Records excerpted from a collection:
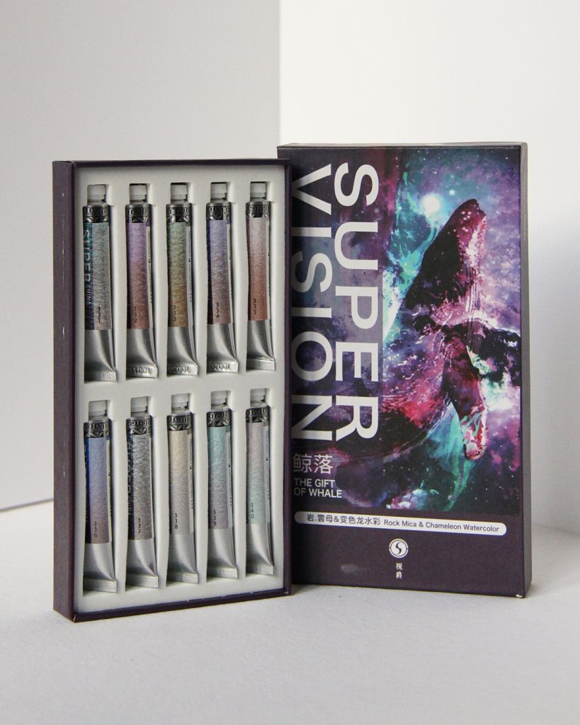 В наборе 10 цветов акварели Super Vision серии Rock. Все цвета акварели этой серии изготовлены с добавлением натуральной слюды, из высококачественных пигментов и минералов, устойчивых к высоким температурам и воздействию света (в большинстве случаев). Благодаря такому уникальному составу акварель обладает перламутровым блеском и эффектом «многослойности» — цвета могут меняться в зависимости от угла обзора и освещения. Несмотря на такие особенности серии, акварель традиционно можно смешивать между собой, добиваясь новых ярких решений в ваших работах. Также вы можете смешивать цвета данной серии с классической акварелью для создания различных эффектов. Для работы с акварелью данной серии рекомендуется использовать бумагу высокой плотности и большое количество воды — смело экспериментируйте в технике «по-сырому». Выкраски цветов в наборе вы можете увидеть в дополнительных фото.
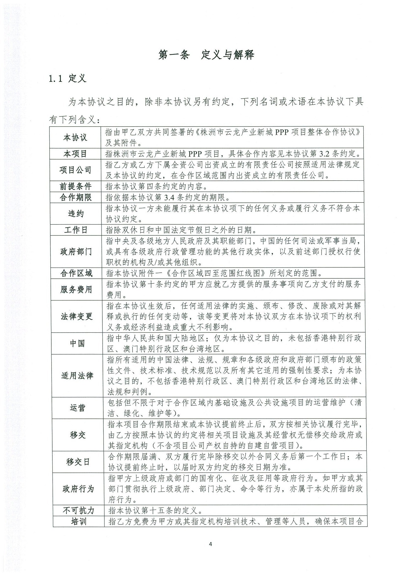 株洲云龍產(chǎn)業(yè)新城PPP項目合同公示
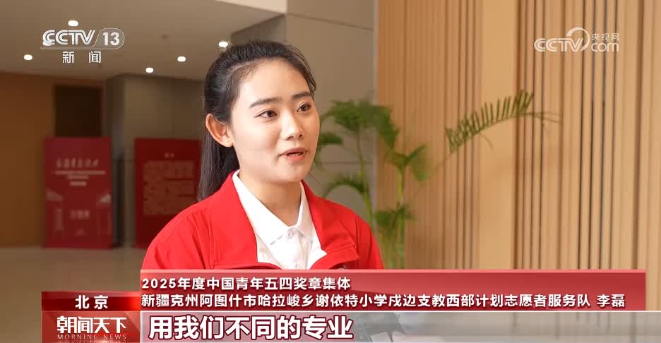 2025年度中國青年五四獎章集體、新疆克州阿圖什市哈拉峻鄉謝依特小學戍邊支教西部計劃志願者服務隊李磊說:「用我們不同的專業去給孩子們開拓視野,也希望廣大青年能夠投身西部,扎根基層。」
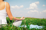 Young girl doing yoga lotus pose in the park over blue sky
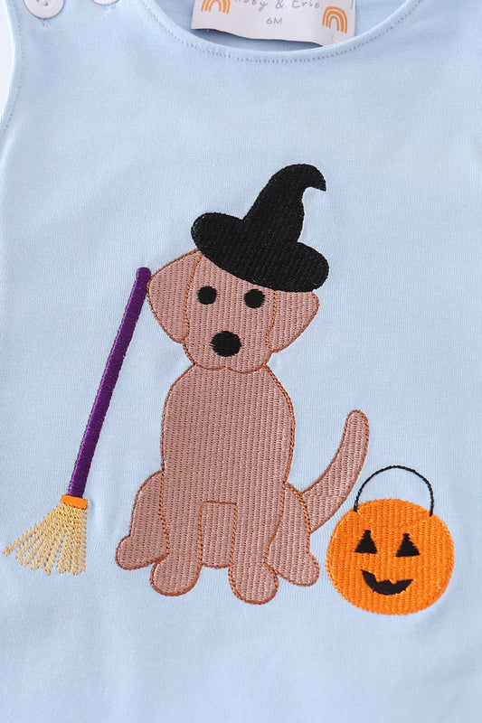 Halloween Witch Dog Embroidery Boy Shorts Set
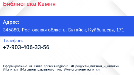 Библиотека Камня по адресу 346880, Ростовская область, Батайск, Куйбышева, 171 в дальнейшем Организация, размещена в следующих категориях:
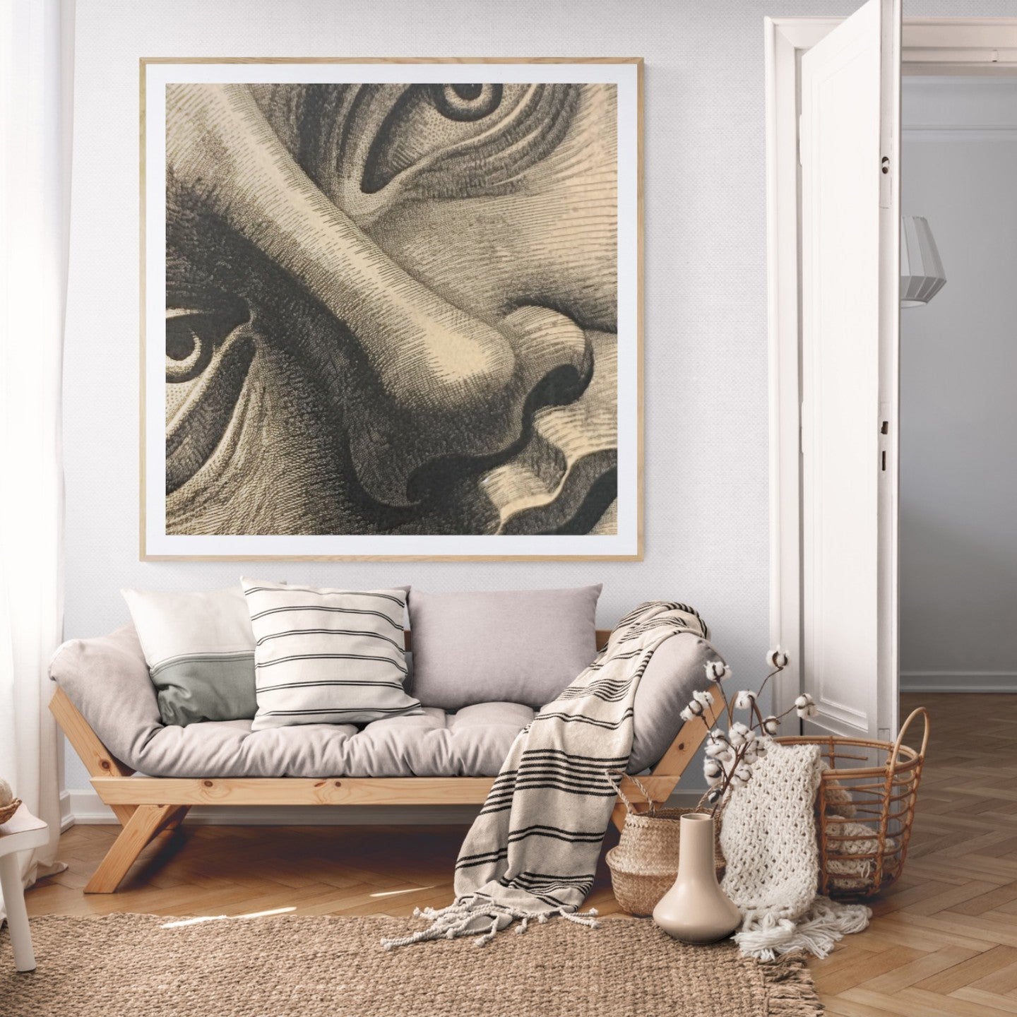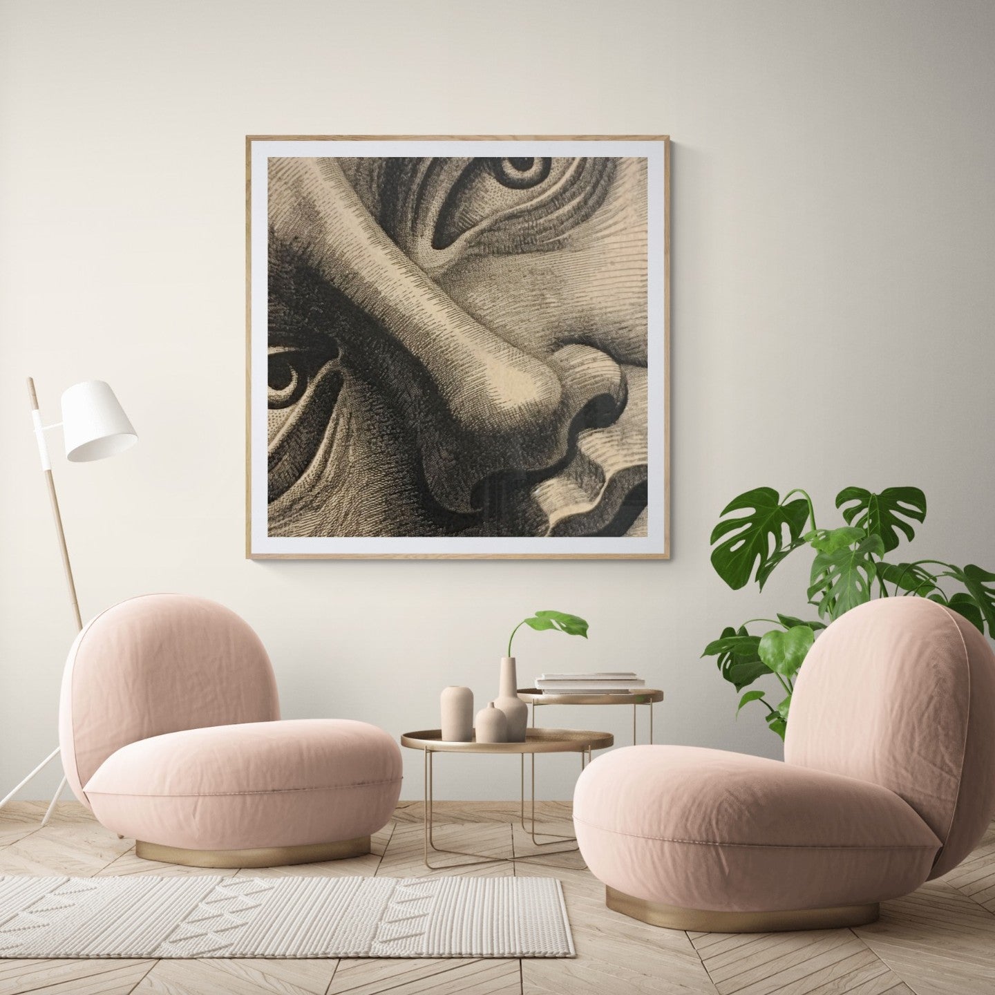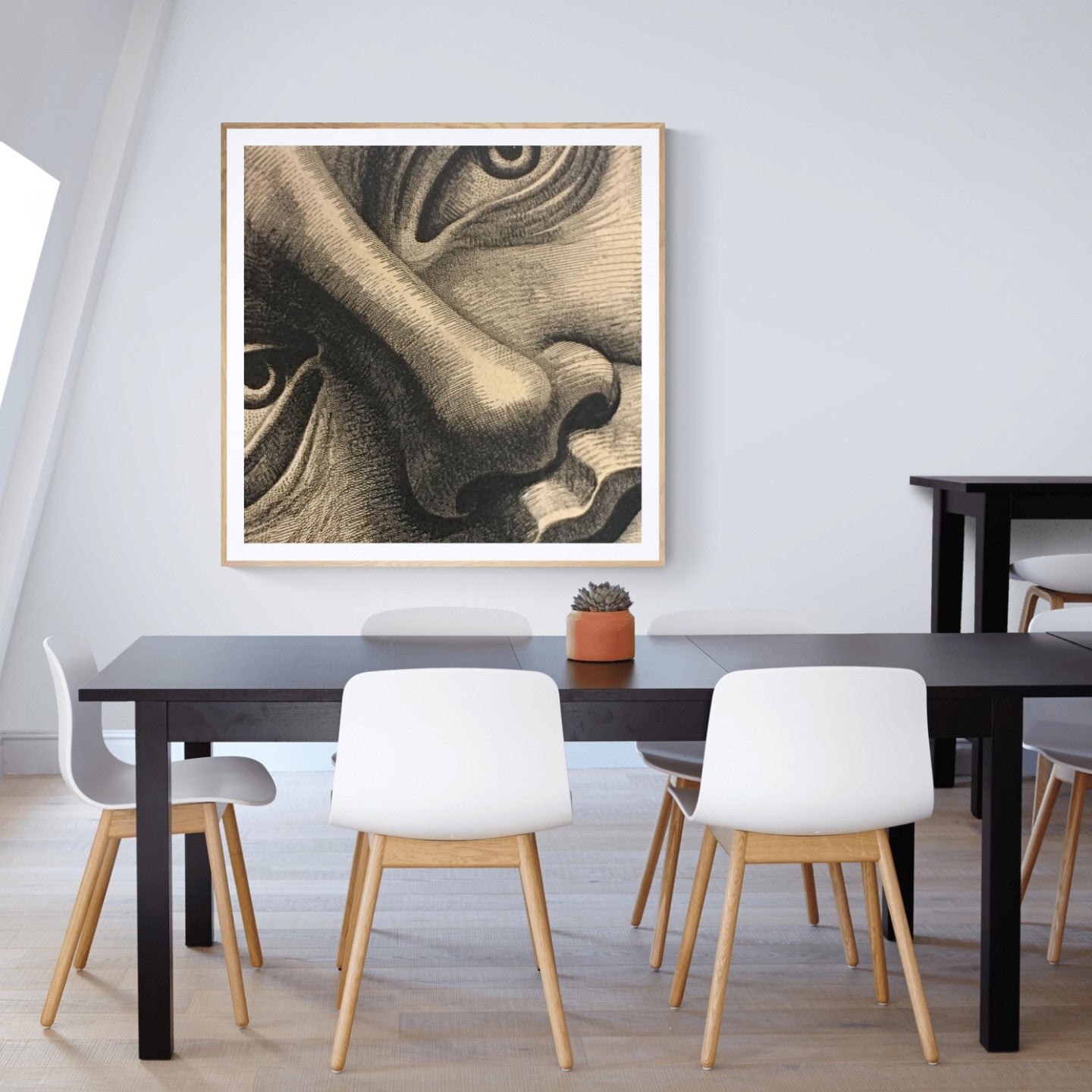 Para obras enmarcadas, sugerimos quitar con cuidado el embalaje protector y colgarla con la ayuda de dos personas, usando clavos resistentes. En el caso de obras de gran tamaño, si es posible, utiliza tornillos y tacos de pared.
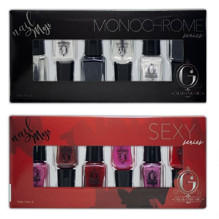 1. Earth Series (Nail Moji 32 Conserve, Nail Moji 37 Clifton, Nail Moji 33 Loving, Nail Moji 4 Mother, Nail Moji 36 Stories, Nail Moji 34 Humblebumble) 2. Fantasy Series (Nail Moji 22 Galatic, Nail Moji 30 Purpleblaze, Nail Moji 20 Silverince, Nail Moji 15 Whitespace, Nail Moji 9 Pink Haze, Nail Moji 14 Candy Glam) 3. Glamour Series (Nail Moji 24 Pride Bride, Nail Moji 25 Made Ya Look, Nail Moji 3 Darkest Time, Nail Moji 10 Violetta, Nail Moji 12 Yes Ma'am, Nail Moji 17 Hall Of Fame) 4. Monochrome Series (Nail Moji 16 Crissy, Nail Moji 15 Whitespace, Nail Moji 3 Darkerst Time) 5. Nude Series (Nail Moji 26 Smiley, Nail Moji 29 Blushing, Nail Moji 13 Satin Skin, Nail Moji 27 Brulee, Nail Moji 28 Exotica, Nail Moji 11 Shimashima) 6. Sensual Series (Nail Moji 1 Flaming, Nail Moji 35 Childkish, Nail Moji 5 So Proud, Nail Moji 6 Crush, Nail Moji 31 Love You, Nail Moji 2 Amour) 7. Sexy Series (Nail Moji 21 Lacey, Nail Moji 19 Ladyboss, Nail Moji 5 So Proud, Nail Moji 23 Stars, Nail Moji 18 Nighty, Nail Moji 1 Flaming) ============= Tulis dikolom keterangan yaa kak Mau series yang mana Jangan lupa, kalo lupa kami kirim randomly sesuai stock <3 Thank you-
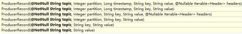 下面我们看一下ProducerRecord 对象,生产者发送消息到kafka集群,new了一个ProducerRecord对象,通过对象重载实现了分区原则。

- Problem to work on:
Your reply should be the full data above, copied exactly, with no pictures in it.

- Response for this exercise:
 В наборе 10 цветов акварели Super Vision серии Rock. Все цвета акварели этой серии изготовлены с добавлением натуральной слюды, из высококачественных пигментов и минералов, устойчивых к высоким температурам и воздействию света (в большинстве случаев). Благодаря такому уникальному составу акварель обладает перламутровым блеском и эффектом «многослойности» — цвета могут меняться в зависимости от угла обзора и освещения. Несмотря на такие особенности серии, акварель традиционно можно смешивать между собой, добиваясь новых ярких решений в ваших работах. Также вы можете смешивать цвета данной серии с классической акварелью для создания различных эффектов. Для работы с акварелью данной серии рекомендуется использовать бумагу высокой плотности и большое количество воды — смело экспериментируйте в технике «по-сырому». Выкраски цветов в наборе вы можете увидеть в дополнительных фото.
 株洲云龍產(chǎn)業(yè)新城PPP項目合同公示
 2025年度中國青年五四獎章集體、新疆克州阿圖什市哈拉峻鄉謝依特小學戍邊支教西部計劃志願者服務隊李磊說:「用我們不同的專業去給孩子們開拓視野,也希望廣大青年能夠投身西部,扎根基層。」
 Young girl doing yoga lotus pose in the park over blue sky
 Halloween Witch Dog Embroidery Boy Shorts Set
 Библиотека Камня по адресу 346880, Ростовская область, Батайск, Куйбышева, 171 в дальнейшем Организация, размещена в следующих категориях:
 Para obras enmarcadas, sugerimos quitar con cuidado el embalaje protector y colgarla con la ayuda de dos personas, usando clavos resistentes. En el caso de obras de gran tamaño, si es posible, utiliza tornillos y tacos de pared.
 1. Earth Series (Nail Moji 32 Conserve, Nail Moji 37 Clifton, Nail Moji 33 Loving, Nail Moji 4 Mother, Nail Moji 36 Stories, Nail Moji 34 Humblebumble) 2. Fantasy Series (Nail Moji 22 Galatic, Nail Moji 30 Purpleblaze, Nail Moji 20 Silverince, Nail Moji 15 Whitespace, Nail Moji 9 Pink Haze, Nail Moji 14 Candy Glam) 3. Glamour Series (Nail Moji 24 Pride Bride, Nail Moji 25 Made Ya Look, Nail Moji 3 Darkest Time, Nail Moji 10 Violetta, Nail Moji 12 Yes Ma'am, Nail Moji 17 Hall Of Fame) 4. Monochrome Series (Nail Moji 16 Crissy, Nail Moji 15 Whitespace, Nail Moji 3 Darkerst Time) 5. Nude Series (Nail Moji 26 Smiley, Nail Moji 29 Blushing, Nail Moji 13 Satin Skin, Nail Moji 27 Brulee, Nail Moji 28 Exotica, Nail Moji 11 Shimashima) 6. Sensual Series (Nail Moji 1 Flaming, Nail Moji 35 Childkish, Nail Moji 5 So Proud, Nail Moji 6 Crush, Nail Moji 31 Love You, Nail Moji 2 Amour) 7. Sexy Series (Nail Moji 21 Lacey, Nail Moji 19 Ladyboss, Nail Moji 5 So Proud, Nail Moji 23 Stars, Nail Moji 18 Nighty, Nail Moji 1 Flaming) ============= Tulis dikolom keterangan yaa kak Mau series yang mana Jangan lupa, kalo lupa kami kirim randomly sesuai stock <3 Thank you-
 下面我们看一下ProducerRecord 对象,生产者发送消息到kafka集群,new了一个ProducerRecord对象,通过对象重载实现了分区原则。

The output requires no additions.